___ Input for this task

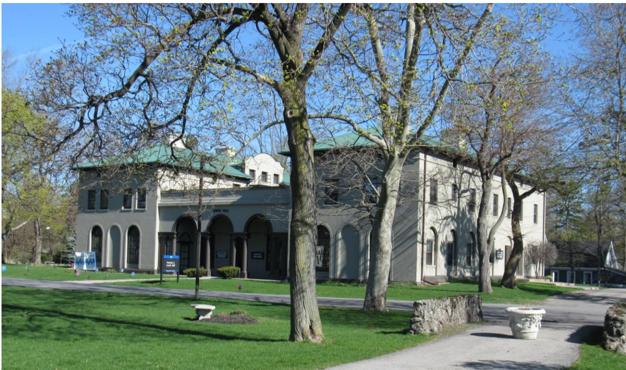
NY_Erie County_Town of Amherst_4380 Main Street_South and East Elevations

20. HISTORICAL AND ARCHITECTURAL IMPORTANCE: Remains Unchanged.
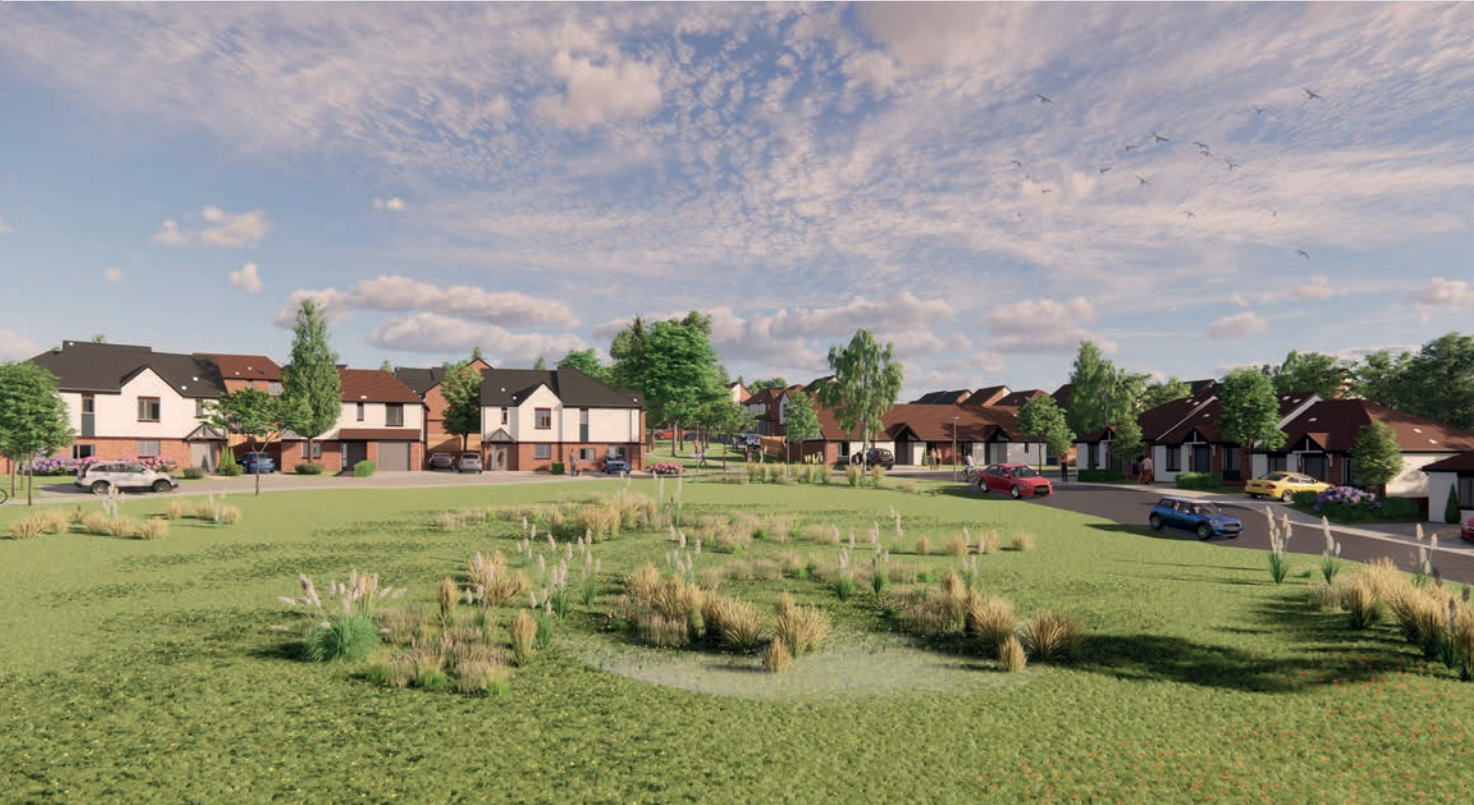
Proposed streetscape at Bevan Square, Murton
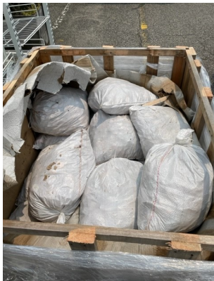
Inside the crate - lots of heavy bags!
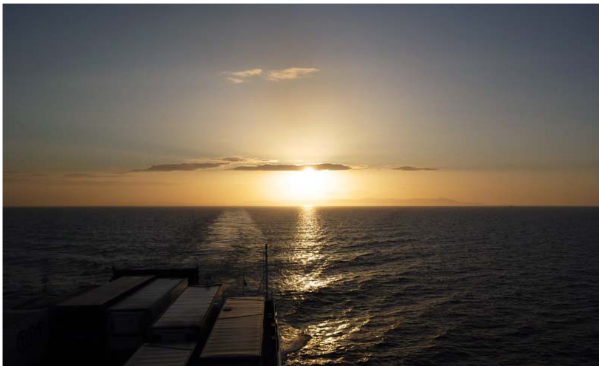
Sunset over the Isle of Man from the Ben.

The trip started on the Ben evening sailing. For the first 2 hours we seawatched from the deck hoping for a Petrel or Skua but it didn't produce anything of note just the standard seabirds. Guillemot, Razorbill, Gannet, Fulmar, Manx Shearwater, Shag, Kittiwake, Lesser + Great black backed Gull and Herring Gull.
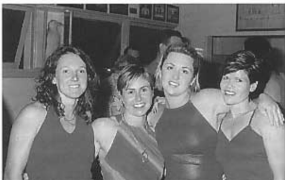
"Some of the girls looking Red Hot on New Year's Eve."

To happier note, I wish to extend my sincere thanks to
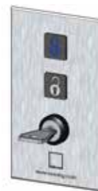
Pic. 4: control panel mode "close movable wall"

In this position (see pic. 6) the wall is deactivated and the key must be removed.
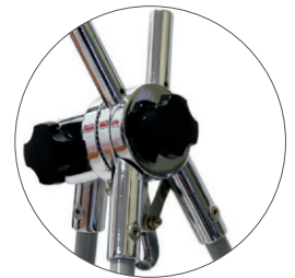
Fits banners of various sizes
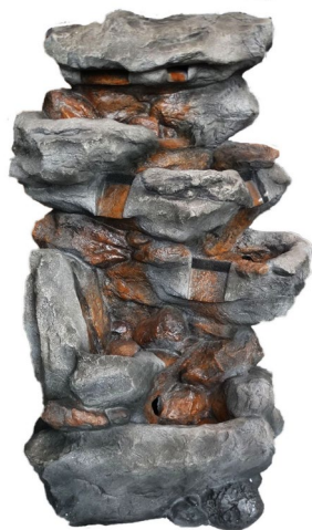
Fountain (5 LED lights pre-installed) 1x
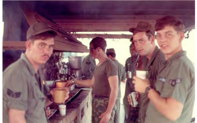
62. Đông Hà Air Field: Yep!
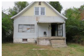
443 North 22 nd Street, ESL 2-bedroom home, basement
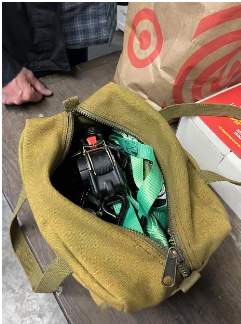
A small bag of premium tie down ratchet straps

Let me know if you have knowledge of the use/purpose of these items.
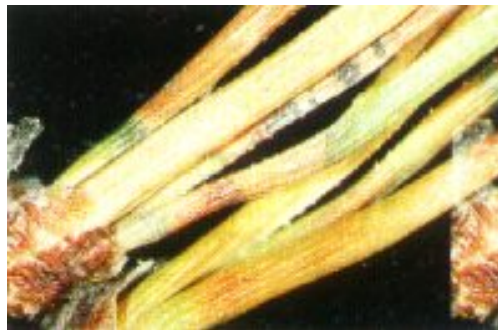
Yellow/tan bands, typical of Dothistroma , on needles.

The disease first appears on the needles on the main stem and at the bases of the lower branches. In wet weather the fungus may spread throughout the tree and cause the loss of all needles except those at the branch tips. Successive years of severe infection result in decreased growth and ultimately death.
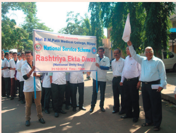
“Rashtriya Ekata Divas” (National Unity Day) to mark the Birth Anniversary of Sardar Vallabh Bhai Patel Celebrated on October 31, 2014.
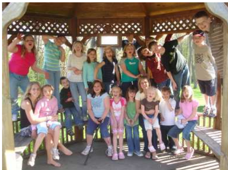
Rock and Good News Gang Group Photo
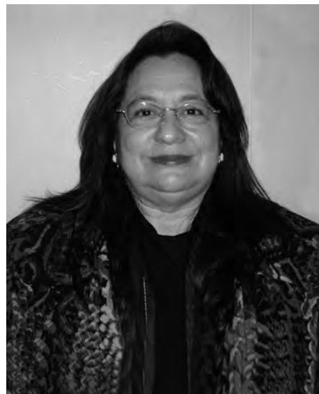
Vaden Family Photo

Area in New Jersey. In 2009, the North Jersey American Revolution Round Table named him "Man of the Year."
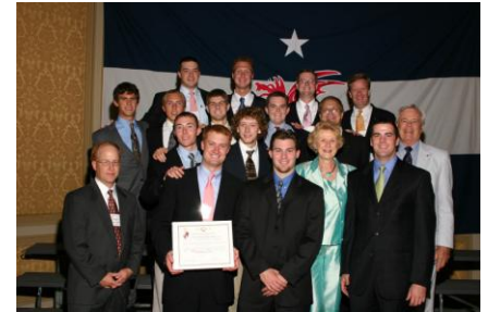
(Betas after winning the Francis H. Sisson Award at the General Convention, August 2004)
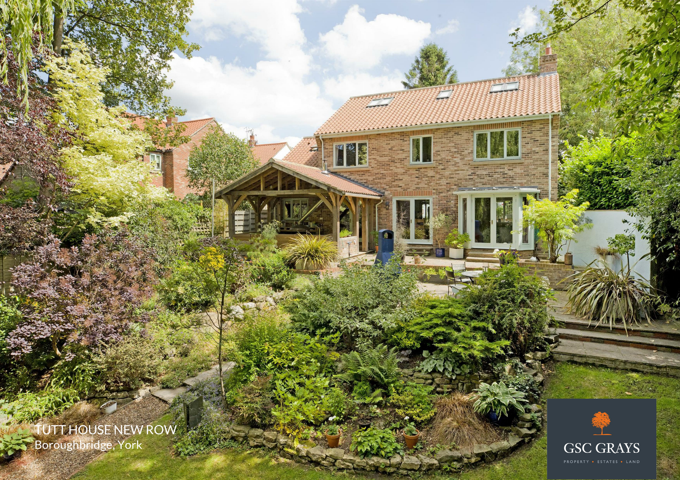
TUTT HOUSE NEW ROW Boroughbridge, York
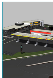
Ashmore Mixed-Use Commercial and Light Industrial Centre on the Gold Coast for Empirica Developments (2015-2018)

______

* [Exercise requirements]
Give again, exactly as written above, each line from the one that has "Inside the crate - lots of heavy bags!" to the one that has "of the girls", both included; omit the pictures.

* [Answer space]
Inside the crate - lots of heavy bags!
Sunset over the Isle of Man from the Ben.

The trip started on the Ben evening sailing. For the first 2 hours we seawatched from the deck hoping for a Petrel or Skua but it didn't produce anything of note just the standard seabirds. Guillemot, Razorbill, Gannet, Fulmar, Manx Shearwater, Shag, Kittiwake, Lesser + Great black backed Gull and Herring Gull.
"Some of the girls looking Red Hot on New Year's Eve."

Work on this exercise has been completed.